Introduction to Depth First Search Algorithm (DFS)

1. Overview

In graph theory, one of the main traversal algorithms is DFS (Depth First Search). In this tutorial, we’ll introduce this algorithm and focus on implementing it in both the recursive and non-recursive ways.

First of all, we’ll explain how does the DFS algorithm work and see how does the recursive version look like. Also, we’ll provide an example to see how does the algorithm traverse over a given graph.

Next, we’ll explain the idea behind the non-recursive version, present its implementation, and provide an example to show how both versions handle the example graph.

Finally, we’ll compare both the recursive and non-recursive versions and show when to use each one.

2. Definitions

Let’s start with defining the DFS algorithm in general, and provide an example to see how the algorithm works.

2.1. General Concept

The DFS algorithm starts from a starting node $u$ . In each step, the algorithm picks one of the non-visited nodes among the adjacents of $u$ and performs a recursive call starting from that node. When all the neighbors of a node are visited, then the algorithm ends for the node $u$ and returns to check the neighbors of the node that initiated the call to node $u$ .

Unlike the BFS algorithm, DFS doesn’t visit nodes on a level-by-level basis. Instead, it keeps going deep as much as possible. Once the algorithm reaches an end, it tries to go deeper from other adjacents of the last visited node. Therefore, the name depth-first search comes from the fact that the algorithm tries to go deeper into the graph in each step.

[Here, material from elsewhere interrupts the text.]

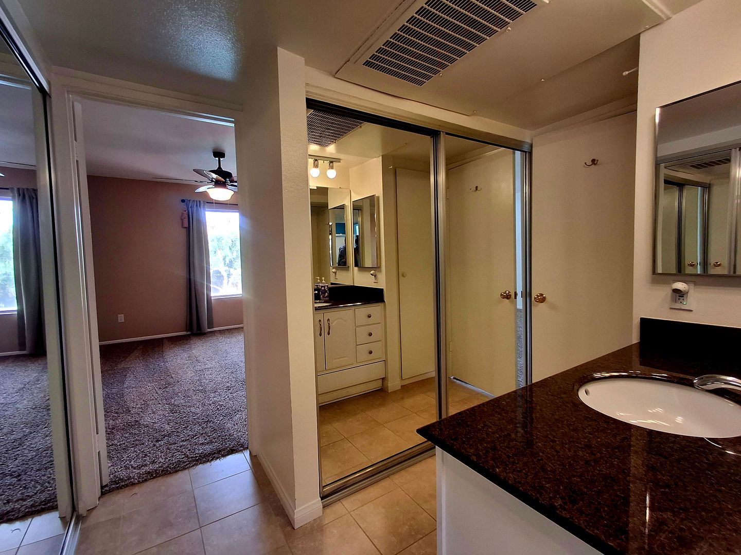 The new dishwasher and ceiling fans add a modern touch to the home. The private balcony not only provides a relaxing outdoor space but also offers a stunning view of the swimming pool. Storage will never be an issue with two large closets inside and an extra storage cabinet outside.

For simplicity, we’ll assume that the graph is represented in the adjacency list data structure. All the discussed algorithms can be easily modified to be applied in the case of other data structures.

2.2. Example

Consider the following graph example:

Suppose we were to start the DFS operation from node $S$ . Let’s assume that all the neighboring nodes inside the adjacency list are ordered in the increasing order alphabetically. We’ll perform the following operations:

Starting from $S$ , we have two neighbors, $A$ , and $B$ . Hence, we continue from $A$ .
Since $A$ only has one unvisited adjacent $F$ , we continue from that one.
The node $F$ has two unvisited neighbors $D$ and $E$ . Hence, we continue from the node $D$ .
$D$ has only one unvisited neighbor that is $B$ . So, we move to $B$ .
Similarly, $B$ has only one unvisited adjacent, which is $C$ . Therefore, the next node should be $C$ . Note that $B$ has also $S$ and $D$ as adjacents. But, these nodes are already visited.
$C$ has only $E$ that is unvisited. Thus, we move to $E$ .
Finally, the node $C$ doesn’t have any unvisited neighbors. The algorithm will retract to $C$ , $B$ , $D$ , $F$ , $A$ , and then $S$ . These nodes won’t have any unvisited adjacents. So, the algorithm simply ends.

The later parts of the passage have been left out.